She writes carefully, and when she forms a letter improperly she carefully crosses it out. I have my delete button; she has a big X. I'll restart a phrase; she'll try again with her characters.
Her last book had a few Xed letters amidst the well-formed characters. What amused me most about it was not its content but her imagination beyond the pages. Her crafted narrative of the part of day she doesn't see made me laugh the next morning when she asked, Mama, did you really like my book? And did you read it to Daddy at bedtime for his bedtime story?
With this post, I've successfully completed NaBloPoMo. The point of the exercise, of writing every single day, is that to be a good writer, one has to write. So the month is supposed to strengthen the habit of writing, and thereby strengthen the craftsmanship. I don't know if I've improved, but I know that sitting at my laptop feels as good to me as carefully putting a brightly-colored marker to paper does to E.

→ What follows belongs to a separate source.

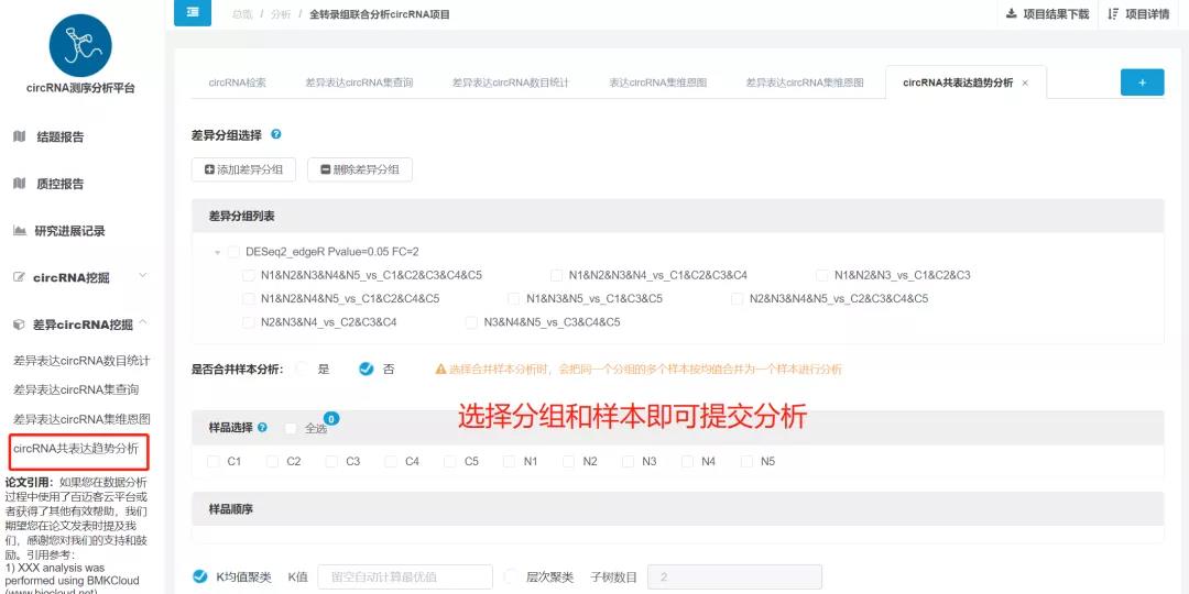 共表達分析常用于識別差異表達基因的共表達模式,分析各樣品間CircRNA表達豐度的不同變化模式,將相同表達趨勢的CircRNA劃分為一個(gè)數據集,通常我們認為,具有相同表達變化趨勢的基因的功能互有關(guān)聯(lián),所以通過(guò)分析CircRNA的共表達趨勢分析,可以進(jìn)一步篩選出項目中關(guān)鍵的基因集合。CircRNA分析平臺搭載了共表達分析個(gè)性化,簡(jiǎn)單的選擇基因集合以及樣本即可完成分析。
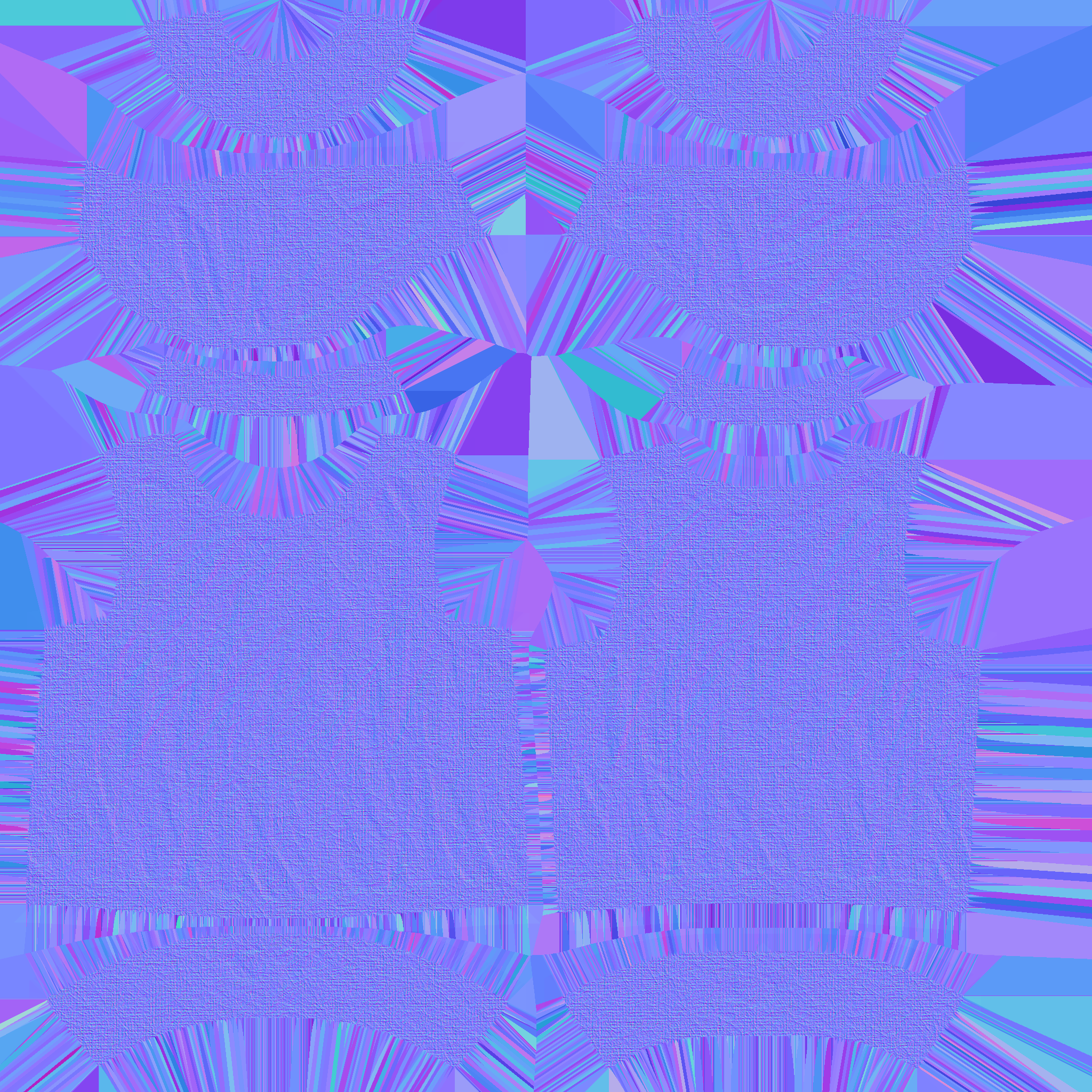 노멀 맵이 푸른 보라빛 컬러를 띄는 이유는 RGB 값이 (0.5, 0.5, 1)이거나 십육진수로 #8080FF면 벡터로 변환한 결과는 (0, 0, 1)이며, 이 벡터는 노멀 매핑에서 “위쪽” 에 해당되고 모델 표면에 변화가 없음을 나타내기 때문이다.

Last night on the drive home the sky was overcast. E looked at a glimmer in the sky and ritually began,
Star bright /
Star light /
First star I see--
X.
X.
She realized the orb in front of the clouds was really a blinking airplane, not a star, and she crossed out the imperfectly-formed phrase. Even though her words only existed in the air between the back seat and the front, she crossed them out verbally.
We're all just composing our next lines, minute by minute, and revising and writing some more.